Key risk factors that could cause actual results to differ materially from those discussed in this report will include but not limited to the way world economies, currencies and interest rate environment may evolve going forward, general market conditions including fluctuations in charter rates and vessel values, financial market conditions including fluctuations in marketable securities value, counterparty risk, changes in demand in the dry bulk market, changes in operating expenses including bunker prices, crewing costs, drydocking and insurance costs, availability of financing and refinancing, inability to obtain restructuring or rescheduling of indebtedness from lenders in liquidity trough, changes in governmental rules and regulations or actions taken by regulatory authorities, potential liability from pending or future litigation, general domestic and international political conditions, potential disruption of shipping routes due to accidents, piracy or political events, and other important factors described from time to time in the reports filed by the Company.
OUTLOOK
2022 has largely been a good year for shipping, with the freight environment being steadily driven by a general robust demand for commodities worldwide. As discussed before, volatility is expected given any changes in monetary policies or material geo-political issues will affect business sentiment, or in some cases business practices or trade patterns will be affected. Shipping will not be shipping without a good dose of volatility.
In recent weeks, there has been a general slowdown in economic activities, primarily driven by the interest rate outlook which translates to increasing borrowing costs and correction of risk assets values, as well as a general expectation of a slower global economic growth going forward given geopolitical conflicts at multi frontiers.
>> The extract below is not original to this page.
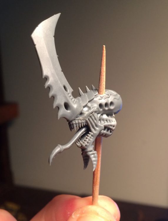 I'm only doing this because I love you. Would you rather be back in the bits bag, never to see the light of day?When hobbyists depict a character being run through by a weapon, they'll often cut the weapon and glue piece a on each end to give the illusion of impalement. While this can work, being even the slightest bit off makes the whole thing look wonky. And even if you do it perfectly, it's easy for things to snap off after gluing. Much better to do it right - in this case, power-drill a hole through each head and ram a cocktail stick through. What a rush! Almost like dispatching heretics yourself.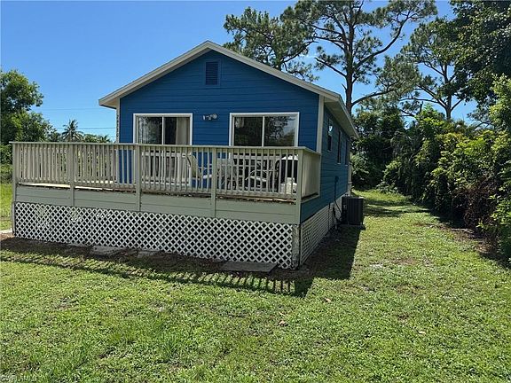Welcome to 26330 Coventry located in central Bonita Springs, just minutes to the historic, redeveloped and vibrant downtown area with boardwalks along the imperial river, restaurants, bars, and shops. This home in NOT in a flood Zone! This quaint cottage features 2 Bedrooms, 1 bath and is surrounded by elevated decks and is at the end of a dead end street, no traffic! In the morning sip your coffee on the front deck watching the sunrise and, in the evening, enjoy the sunset off of your western facing deck overlooking your large back yard. Plenty of room to add on and best of all this propety is zoned TFC2! Just move right in, the interior and exterior freshly painted, new high quality laminate floor throughout. Make this your perfect forever home or as a great short term or long term investment property with no HOA fees and no rental restrictions! Make your move!

Freight rates of dry bulk shipping has been coming off as a result towards the latter of 2022.
When we look purely at the industry fundamentals, the supply of new vessels remain low, the industry outlook continues to point towards a relatively healthy freight market for our business operations. However, demand for commodities may become unexpectedly volatile. Transportation of certain commodities will undergo profound and complex changes given the variables that affect our business are a combination of industry specific, economical, as well as geopolitically driven. With COVID remaining to be a sporadic challenge depending on time and location, logistics of the transportation of goods and commodities continue to experience bottlenecks and disruptions are likely to continue to be present in the foreseeable future depending on countries and regions.
With the expected global dry bulk fleet growth at historical lows, and with no consensus in the shipping with regards to the next generation engine design to reduce carbon emission, new vessel orders are expected to be few. Looking ahead, this potentially highly favorable demand and supply dynamics is expected to continue , where our fleet is well positioned to benefit.
We remain alert to the increasingly frequent economic, geo-political, or other unforeseen surprises that can trigger volatility to our business performance, as well as the carrying value of our shipping assets and financial assets. We currently have no capital expenditure commitment in relation to newbuilding contracts, and will continue to focus on taking sensible and decisive actions to maintain a strong financial position.
On behalf of the Board of Directors of the Company, I would like to first express our heartfelt appreciation to our seafarers who have continued to remain professional under an extremely challenging environment, as well as all customers and stakeholders for their ongoing support.